In Stave I of Charles Dickens’ A Christmas Carol, Ebenzer Scrooge is visted by the ghost of Jacob Marley, his now-deceased former business partner who has appeared before the miserly, bitter old man to warn him of the perils to come unless he changes his ways. It is, of course, the Christmas season, and the story of the birth of Jesus hangs in the air as a reminder of the season’s true meaning. The ghost of Jacob Marley rhetorically inquires of himself and of Scrooge the reason he let so many holy seasons pass without acknowledging those around him:
“At this time of the rolling year,” the spectre said, “I suffer most. Why did I walk through crowds of fellow-beings with my eyes turned down, and never raise them to that blessed Star which led the Wise Men to a poor abode! Were there no poor homes to which its light would have conducted me!”
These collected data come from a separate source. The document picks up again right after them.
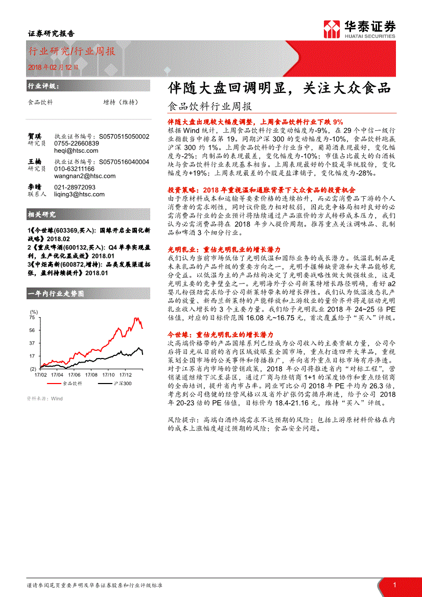 行业研究演讲1 证券研究演讲行业研究/行业周报2018年02月12日 食物饮料增持(维持) 贺琪执业证书编号:S02 研究员 王楠执业证书编号:S04 研究员 李晴 联系人 1《当代缘(603369,买入)!国缘全国化新计谋》2018。02 2《沉庆啤酒(600132,买入)! Q4单季实现盈利,出产优化显成效》2018。01 3《中炬高新(600872,增持)!品类成长渠道拓张,盈利持续提拔》2018。01 材料来历:Wind 陪伴大盘回调较着,关心公共食物食物饮料行业周报陪伴大盘呈现较大幅度调整,上周食物饮料行业下跌9% 按照Wind统计,上周食物饮料行业变更幅度为-9%,正在29个中信一级行业指数傍边排名第19。上周食物饮料的子行业傍边,葡萄酒表示最好,变化幅度为-2%;肉成品的表示最差,变化幅度为-10%;市值占比最大的白酒板块取食物饮料行业表示根基相当。上周表示最好的个股是华统股份,变化幅度为+19%;上周表示最差的个股是盐津铺子,变化幅度为-28%。投资策略:2018年注沉暖和通缩布景下公共食物的投资机遇因为原材料成本和运输等要素价钱的持续抬升,而必需消费品下逛的小我消费者的需求刚性,因而合作款式相对优良的必需消费操行业的企业估计将连续通过产物跌价的体例转移成本压力,我们认为必需消费品将正在2018年步入提价周期。我们认为低温液态乳产物的放量、新莱特的产能和上逛牧业的量价齐升将是驱动乳业收入增加的3个次要力量。我们赐与乳业2018年24~25倍PE估值,对应的方针价范畴16。08元~16。75元,初次笼盖赐与“买入”评级。当代缘:沉估乳业的增加潜力次高端价钱带的产物国缘系列曾经成为公司收入的次要贡献力量,公司此后将目光从目前的省内区域放眼至全国市场,沉点打制四开大单品,注沉筹谋全国市场的公关事务和推广,并向省外沉点方针市场有序渗入。对于江苏省内市场的营销政策,2018年公司将推进省内“对标工程”,营销渠道继续下沉至县区,通过厂商取经销商1+1的深度协做和沉点经销商的全面培训,提拔省内市占率。同业可比公司2018年PE平均为26。3倍,考虑到公司稳健的运营气概以及省外扩张仍需循序渐进,赐与公司2018年20-23倍的PE估值,方针价为18。4-21。16元,维持“买入”评级。风险提醒:高端白酒终端需求不达预期的风险;包罗上逛原材料价钱正在内的成本上涨幅度跨越预期的风险;食物平安问题。因为原材料成本和运输等要素价钱的持续抬升,而必需消费品下逛的小我消费者的需求刚性,同时议价能力相对较弱,因而合作款式相对优良的必需消费操行业的企业估计将连续通过产物跌价的体例转移成本压力,我们认为必需消费品将正在2018年步入提价周期。1)餐饮业16年下半年起头回暖,商务勾当和中低端餐饮均有较为较着的苏醒迹象,利好调味品板块。同时,2016年12月海天颁布发表提价之后,2017年3月中炬颁布发表出厂价提拔5%,终端提价8%,2017年板块呈现量价齐升行情。2017年海天市占率不到20%,中炬仅为5%摆布,而日本调味品巨头龟甲万市占率可达30%,市占率有较着差距。中国调味操行业正处于集中度快速提拔阶段,将来龙头正在规模效应、品类拓张以及渠道掌控力等多方面都将持续劣势,增加空间较大。1)本轮液态乳的需求回暖的本色是:宏不雅转好的布景下,由低线城市需求拉动的包罗乳成品正在内的消费市场的回暖。原奶的价钱正在供给端持续收缩,需求端景气宇回升较着的布景下将步入上行通道,原奶价钱上升周期里,行业龙头倾向于成本上升对利润的影响,削减费用投放,因而利润程度将获得提拔。履历了价钱和和市场份额的掠取,部门区域正正在构成强势企业垄断的市场款式,将来啤酒行业将加快产物布局升级和利润。2) 2018年1月以华润啤酒为代表的行业次要参取者颁布发表上调部门产物价钱,标记着行业步入了价钱上行周期。此外,2014-2016年间啤酒行业产物升级较着,中档酒占比快速提拔,占比提高约2。6个百分点;而3-4元的支流酒占比下滑最为较着,下降3。5个百分点。行业研究/行业周报 2018年02月12日4 上周演讲汇总:乳业初次笼盖,当代缘更新演讲乳业初次笼盖:沉估乳业的增加潜力市场低估了低暖和国际营业的成长潜力高端白奶和a2婴儿粉正在中国市场的成功证了然乳成品这个品类具备产物升级的根本,消费者情愿为产物的差同化特征领取溢价。以巴氏杀菌乳和低温酸奶为代表的低温乳成品具备满脚消费者“高端化+差同化”的产物根本,是将来产物升级的主要标的目的之一,可是受限于上逛资本结构、供应链效率和渠道管控等要素,低温乳成品的进入壁垒高,做为细分范畴中的领军者之一可以或许充实受益于中国市场需求的增加;国际营业方面,我们看好产物力强、渠道渗入率提拔敏捷的a2婴儿粉的强劲需求增加给子公司新莱特带来的增加弹性,初次笼盖赐与乳业“买入”评级。低温乳成品:产物升级的标的目的之一,手握稀缺资本和大单品常温乳成品处理的是中国消费者喝上牛奶的问题,低温乳成品将来有但愿处理中国消费者喝上更优良牛奶的问题。做为低温范畴的领军者之一,一方面控制紧邻焦点城市的上逛牧业资本,另一方面曾经培育出巴氏杀菌乳“优倍”大单品和低温酸奶“畅优”大单品,具有较着的合作劣势,可以或许显著的受益于低温乳成品市场的需求增加。上逛结构:产物布局决定了要计谋性做大做强牧业取以常温乳成品为从的乳企根基能够实现产地和发
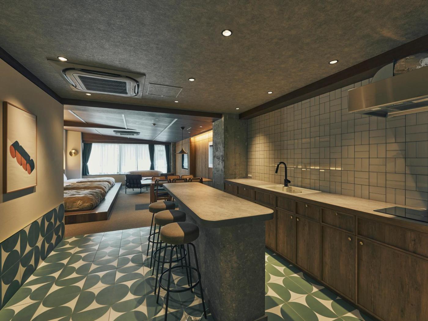 Superior Suite. The spacious suite has 1 bedroom and 1 bathroom with a shower and free toiletries. In the well-equipped kitchen, guests will find a stovetop, a refrigerator, kitchenware and a microwave. The air-conditioned suite features a flat-screen TV, a washing machine, a tea and coffee maker, a dining area as well as a quiet street view. The unit has 3 beds.
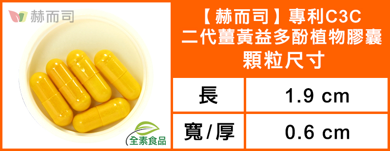 | 品名 | 【赫而司】專利C3C二代薑黃益多酚植物膠囊 |
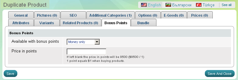 Use Bonus Points Tab to choose availability of the product with bonus points. You have three options - to buy the product with money only, points only or points and money.
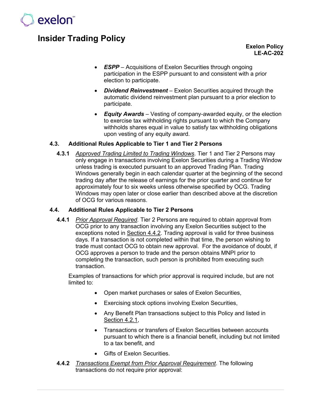 Insider Trading Policy Exelon Policy LE-AC-202 • ESPP – Acquisitions of Exelon Securities through ongoing participation in the ESPP pursuant to and consistent with a prior election to participate. • Dividend Reinvestment – Exelon Securities acquired through the automatic dividend reinvestment plan pursuant to a prior election to participate. • Equity Awards – Vesting of company-awarded equity, or the election to exercise tax withholding rights pursuant to which the Company withholds shares equal in value to satisfy tax withholding obligations upon vesting of any equity award. 4.3. Additional Rules Applicable to Tier 1 and Tier 2 Persons 4.3.1 Approved Trading Limited to Trading Windows. Tier 1 and Tier 2 Persons may only engage in transactions involving Exelon Securities during a Trading Window unless trading is executed pursuant to an approved Trading Plan. Trading Windows generally begin in each calendar quarter at the beginning of the second trading day after the release of earnings for the prior quarter and continue for approximately four to six weeks unless otherwise specified by OCG. Trading Windows may open later or close earlier than described above at the discretion of OCG for various reasons. 4.4. Additional Rules Applicable to Tier 2 Persons 4.4.1 Prior Approval Required. Tier 2 Persons are required to obtain approval from OCG prior to any transaction involving any Exelon Securities subject to the exceptions noted in Section 4.4.2. Trading approval is valid for three business days. If a transaction is not completed within that time, the person wishing to trade must contact OCG to obtain new approval. For the avoidance of doubt, if OCG approves a person to trade and the person obtains MNPI prior to completing the transaction, such person is prohibited from executing such transaction. Examples of transactions for which prior approval is required include, but are not limited to: • Open market purchases or sales of Exelon Securities, • Exercising stock options involving Exelon Securities, • Any Benefit Plan transactions subject to this Policy and listed in Section 4.2.1, • Transactions or transfers of Exelon Securities between accounts pursuant to which there is a financial benefit, including but not limited to a tax benefit, and • Gifts of Exelon Securities. 4.4.2 Transactions Exempt from Prior Approval Requirement. The following transactions do not require prior approval:
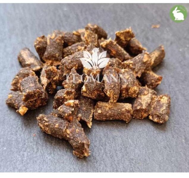 Kiegészítő táp, jutalomfalat kutyák számára Magas hústartalom - Kizárólag sovány hús és kiváló minőségű belsőségek. Gránátalma magok - Gazdag vitaminokban, ásványi anyagokban, zsírsavakban, nagy arányban bioaktív természetes antioxidánsokban. gabona és hozzáadott cukor nélkül Célunk, hogy a kutyák és macskák számára fajnak megfelelő és természetorientált

In Stave II, after the ghost of Marley has warned Scrooge and informed him that he would be visited by three spirits, the old man waits anxiously in his bed. At the prescribed time, the first of the three spirits announces itself:
“He spoke before the hour bell sounded, which it now did with a deep, dull, hollow, melancholy ONE. Light flashed up in the room upon the instant, and the curtains of his bed were drawn.”
Interpretations of the meaning of the light can vary, but, in the context of Marley’s acknowledgment of the true meaning of the season, and in the context of Scrooge’s imminent moral awakening, it is possible that the light represents both the “blessed Star” and the moment Scrooge’s transcendental transformation from “scrooge” to jovial, benevolent pillar of the community.